TERASBATAM.id – Mantan Kepala Badan Narkotika Nasional (BNN), Komjen Pol (Purn) Anang Iskandar, menilai banyak putusan pengadilan dalam kasus penyalahgunaan narkotika yang mengandung malpraktik. Hal ini mengakibatkan penyalah guna dihukum pidana, penjara, terjadi over capacity di lembaga pemasyarakatan (lapas), serta menimbulkan riwayat kriminal buruk bagi penyalah guna.
Anang Iskandar menjelaskan, Undang-Undang Nomor 35 Tahun 2009 tentang Narkotika dan sumber hukumnya, yaitu Undang-Undang Nomor 8 Tahun 1976 tentang Pengesahan Konvensi Tunggal Narkotika beserta protokol yang mengubahnya, menyatakan bahwa hukuman bagi penyalah guna adalah rehabilitasi.
“Rehabilitasi adalah hukuman alternatif (pengganti hukuman pidana) dalam perundang-undangan narkotika Indonesia,” ujar Anang Iskandar, Jumat (21/03/2025).
Menurut Anang, hakim diberi kewenangan memutus hukuman rehabilitasi jika terbukti bersalah dan menetapkan menjalani rehabilitasi jika tidak terbukti bersalah.
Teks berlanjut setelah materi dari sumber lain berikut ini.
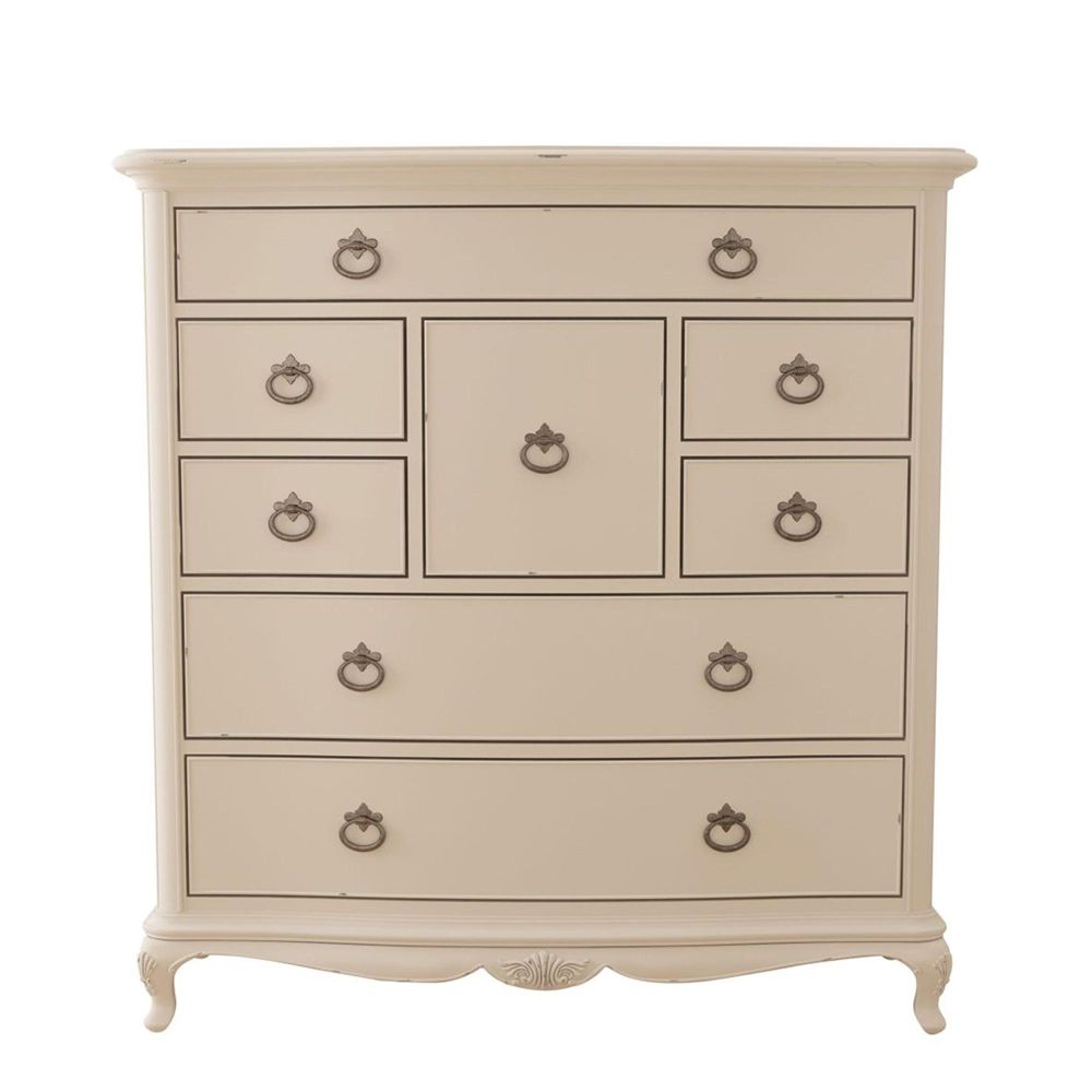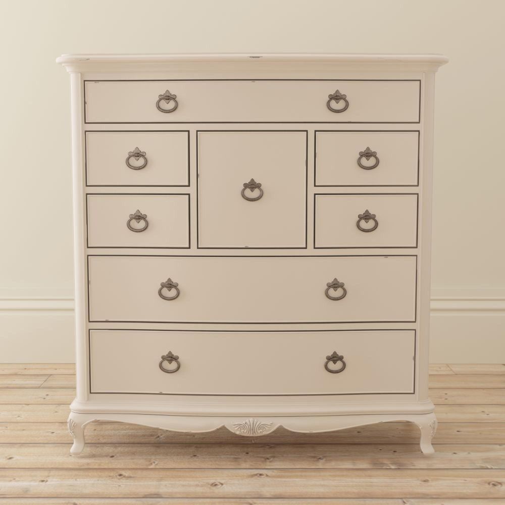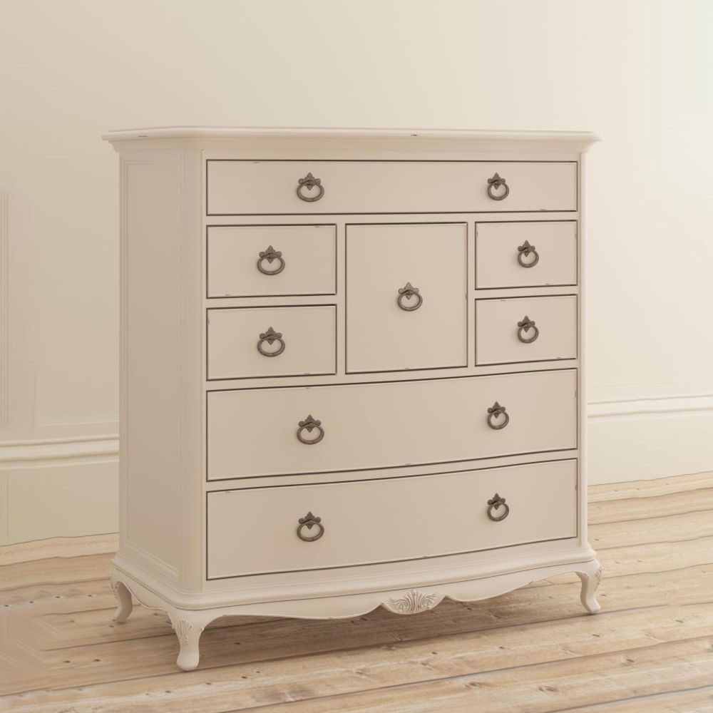 The Willis and Gambier Ivory 8 Drawer Chest is a beautifully designed statement piece that combines classic French styling with generous storage capacity. Perfect for larger bedrooms, this elegant chest captures the charm of traditional craftsmanship through its graceful curves, cabriole legs, and hand-carved detailing. The soft ivory painted finish with gently distressed edges adds warmth and character, giving it an inviting, antique-inspired appeal.

Selama proses pengadilan, hakim wajib memperhatikan status penyalah guna atas bantuan ahli. Jika penyalah guna berpredikat sebagai pecandu, hakim wajib memutus yang bersangkutan menjalani rehabilitasi.
“Kalau faktanya, penyalah guna narkotika dalam proses pengadilan didakwa sebagai pengedar dan dijatuhi hukuman penjara yang mengakibatkan lapas over capacity dan riwayat kriminal buruk, apakah itu bukan malpraktik putusan pengadilan? Yes! Itu kesalahan proses pengadilan dan penjatuhan hukumannya yang tidak berdasarkan perundang-undangan narkotika, tetapi berdasarkan perundang-undangan pidana,” tegas Anang.
Anang mencontohkan kasus-kasus selebritas yang berulang kali dipenjara karena penyalahgunaan narkoba. “Mereka berhak sembuh dari sakit yang dideritanya atas putusan hakim, bukan dipenjara berkali-kali biar kapok,” katanya.